Instruit par son garçon, qui dans tout l'imitait,
Et de son indigence, et de ce qu'il était,
Je lui faisais des dons; mais avec modestie
Il me voulait toujours en rendre une partie.
«C'est trop, me disait-il, c'est trop de la moitié;
Je ne mérite pas de vous faire pitié;»
Et quand je refusais de le vouloir reprendre,
Aux pauvres, à mes yeux, il allait le répandre...

Mélange de fierté décente et d'humilité chrétienne, Tartuffe a donc pu apparaître à Orgon bien moins comme un mendiant que comme une façon de bon Monsieur de la Société de Saint-Vincent-de-Paul (excusez cet anachronisme), intermédiaire de bonne volonté entre les personnes pieuses et les pauvres. Et ces mots: «À mes yeux, il allait le répandre», peuvent bien nous faire sourire: là où nous voyons l'ostentation du personnage, Orgon n'a vu que son ombrageuse délicatesse... Oui, je conçois de plus en plus qu'il se soit laissé prendre.

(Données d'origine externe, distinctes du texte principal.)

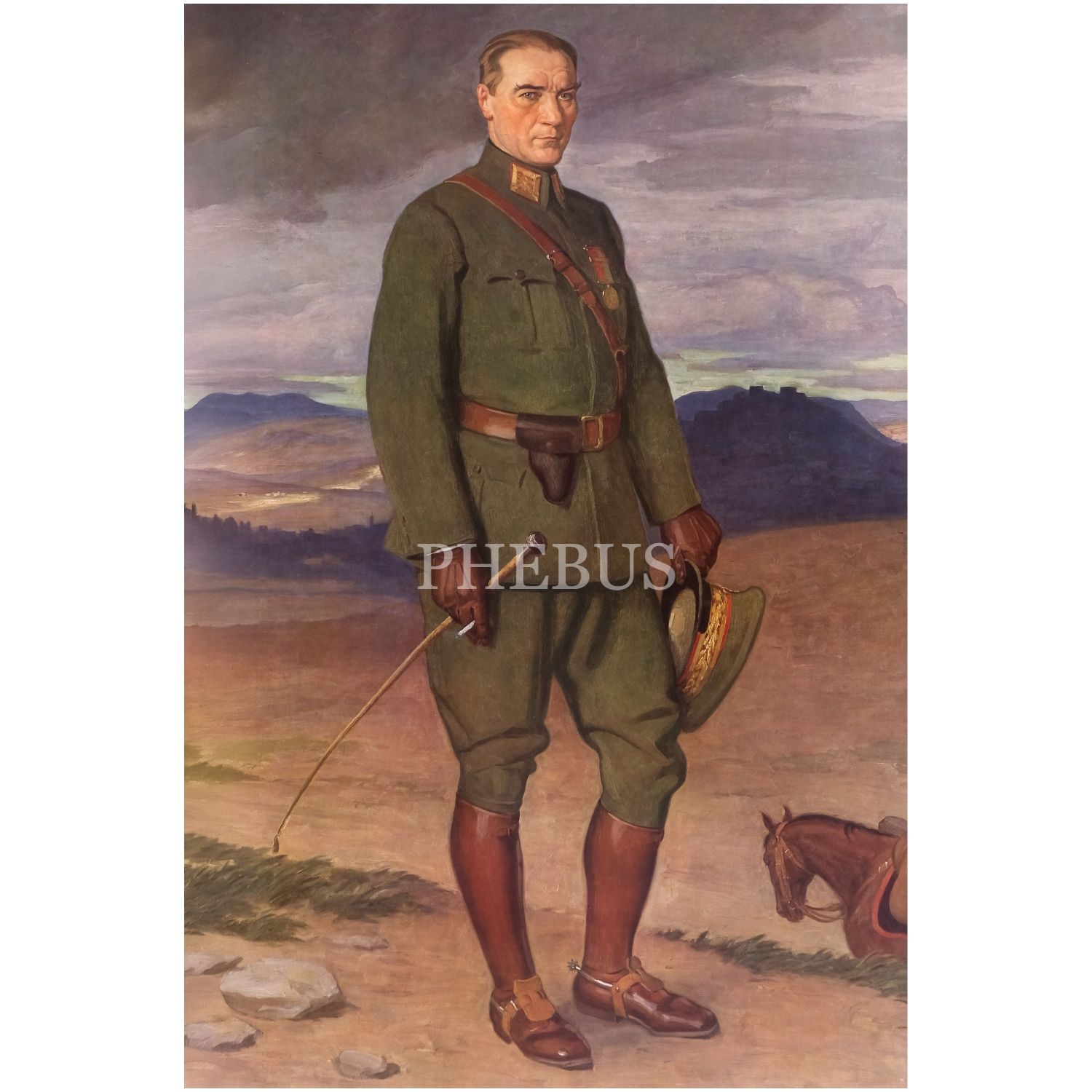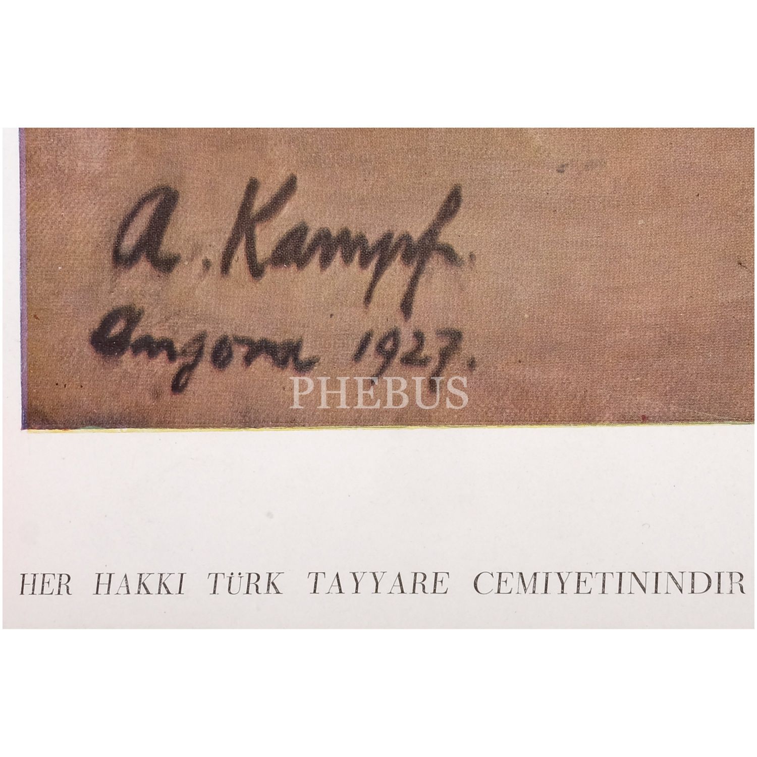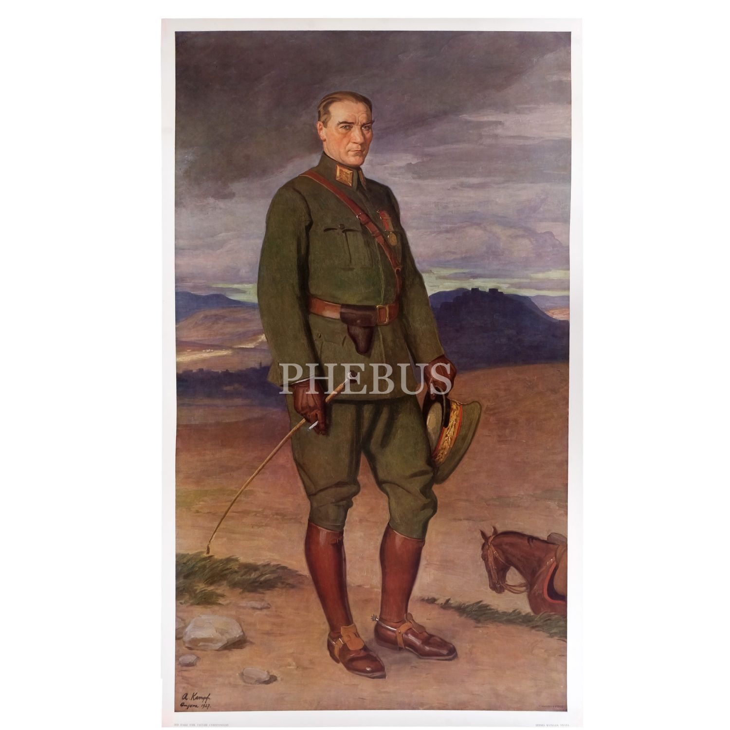 Mustafa Kemal Atatürk´ün, Alman ressam Arthur Kampf tarafından İstiklal Madalyalı ve üniformalı bir şekilde resmedildiği tablonun, Türk Tayyare Cemiyeti´ne bağış sağlamak için 1927 yılında Viyana Hermes Matbaası´nda basılmış afişi, 75,5x125 cm...
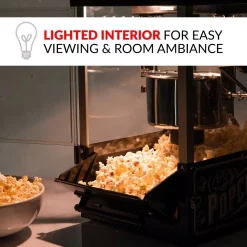 - Lighted interior: lighted interior creates a fun and pleasant room ambiance and allows you to watch your popcorn pop
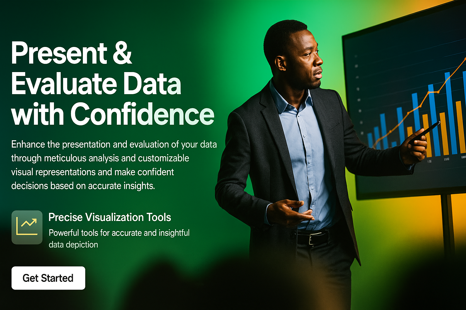 /Collection: /by davooda/Type: PNG/A professional individual presents and evaluates data charts confidently. The background features a vibrant gradient, enhancing the visual appeal. Engaging text highlights the importance of precise visualization tools.

Ceci nous amène à la scène où Tartuffe fait son entrée. Son second geste, le mouchoir tendu à Dorine, me paraît très conforme au caractère qu'il a ou qu'il se donne, et au rôle qu'il joue dans la maison. Et même, si j'ose dire toute ma pensée, lorsque Dorine répond:

Vous êtes donc bien tendre à la tentation,
Et la chair sur vos sens fait grande impression?

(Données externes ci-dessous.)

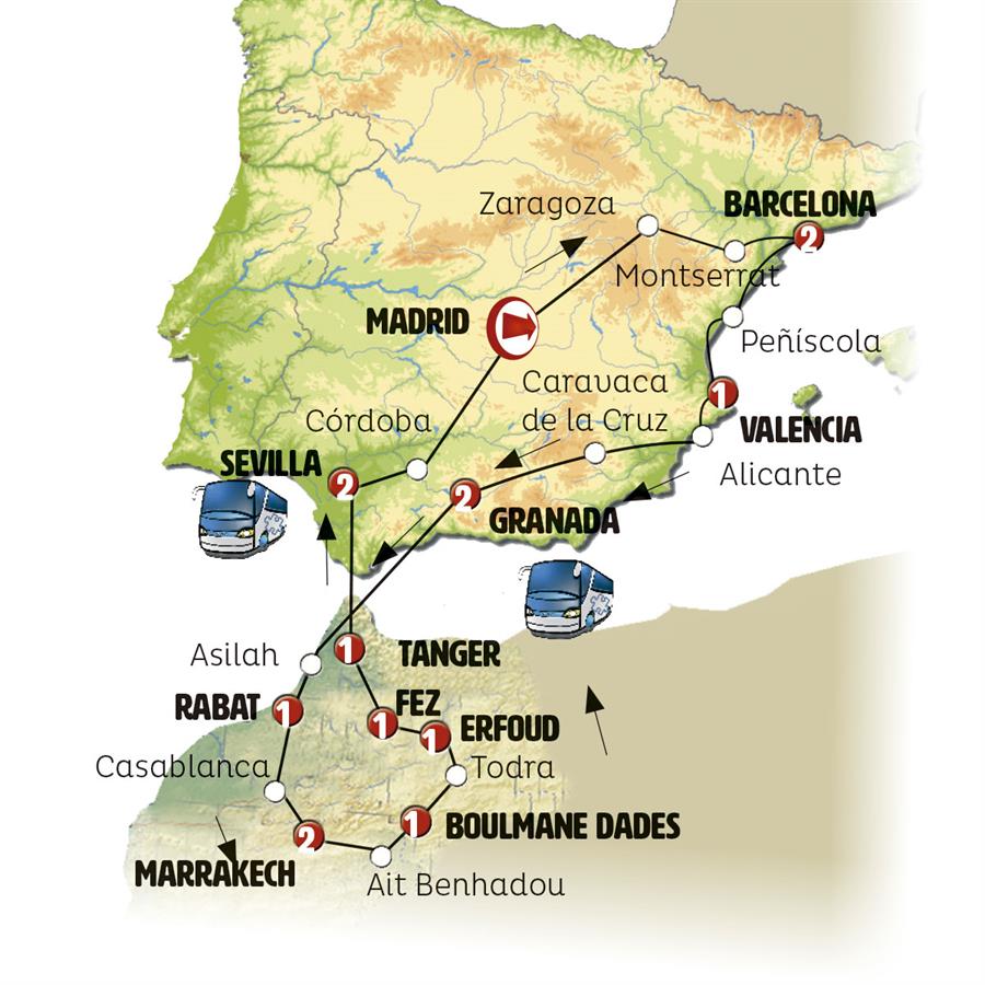 MADRID, ZARAGOZA, POBLET, BARCELONA, PENISCOLA, VALENCIA, ALICANTE, CARAVACA DE LA CRUZ, GRANADA, TANGER, ASSILAH, RABAT, CASABLANCA, MARRAKECH, AIT BEN HADU, OUARZAZATE, BOUMALNE DADES, TODRA, ERFOUD, FEZ, SEVILLA, CORDOBA, CONSUEGRA
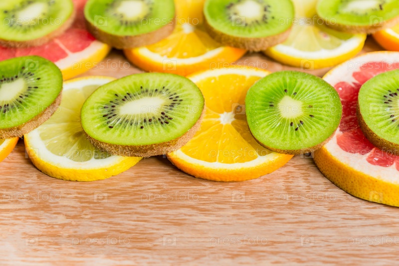 Рамка с кусочками апельсинов, лимонов, киви, грейпфрутов на фоне wppden
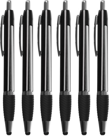 Komplet 6 krogličnih pisal z izvlečno kartico za zapiske in stylusom, črna in modra

cela est sans doute fort plaisant; mais enfin pourquoi Dorine, pourquoi les femmes montrent-elles leur sein nu, si ce n'est en effet pour «faire impression sur nos sens»? Ou si ce n'est pas cela qu'elles veulent «en étalant leurs charmes», que diable veulent-elles donc? Il se pourrait, ici, que la réplique de la servante ne fût pas non plus sans «tartufferie». Car il n'est pas nécessaire d'être dévot pour être hypocrite. L'argument de Dorine, c'est l'argument commode qu'on a coutume d'opposer aux gens que scandalisent la lubricité d'un livre ou l'immodestie d'une œuvre d'art; l'argument dont les chroniqueurs badins et les auteurs de revues accablent l'honorable M. Bérenger: «C'est vous qui êtes dégoûtant; et ce que vous voyez là, c'est vous qui l'y mettez.» Les bons apôtres! Vrai, j'aime mieux l'impureté franche et qui avoue.

Continuons. «Tartuffe, disais-je, est si obtus que, voulant se déclarer à une femme jeune, intelligente, nullement dévote, éminemment laïque, il y emploie le style des manuels de piété.» Mais veut-on qu'il se démasque tout de suite? N'est-il pas tout naturel qu'il commence par user du langage qui lui est habituel et qu'on s'attend à rencontrer dans sa bouche? Ce langage, d'ailleurs, c'est Elmire elle-même qui le lui impose et qui l'y ramène. Tartuffe vient de dire, à propos de son mariage projeté avec Marianne:

Ce n'est pas le bonheur après quoi je soupire;
Et je vois autre part les merveilleux attraits
De la félicité qui fait tous mes souhaits.

Cela, c'est la langue ordinaire de la galanterie au dix-septième siècle. Mais Elmire:

C'est que vous n'aimez rien des choses de la terre.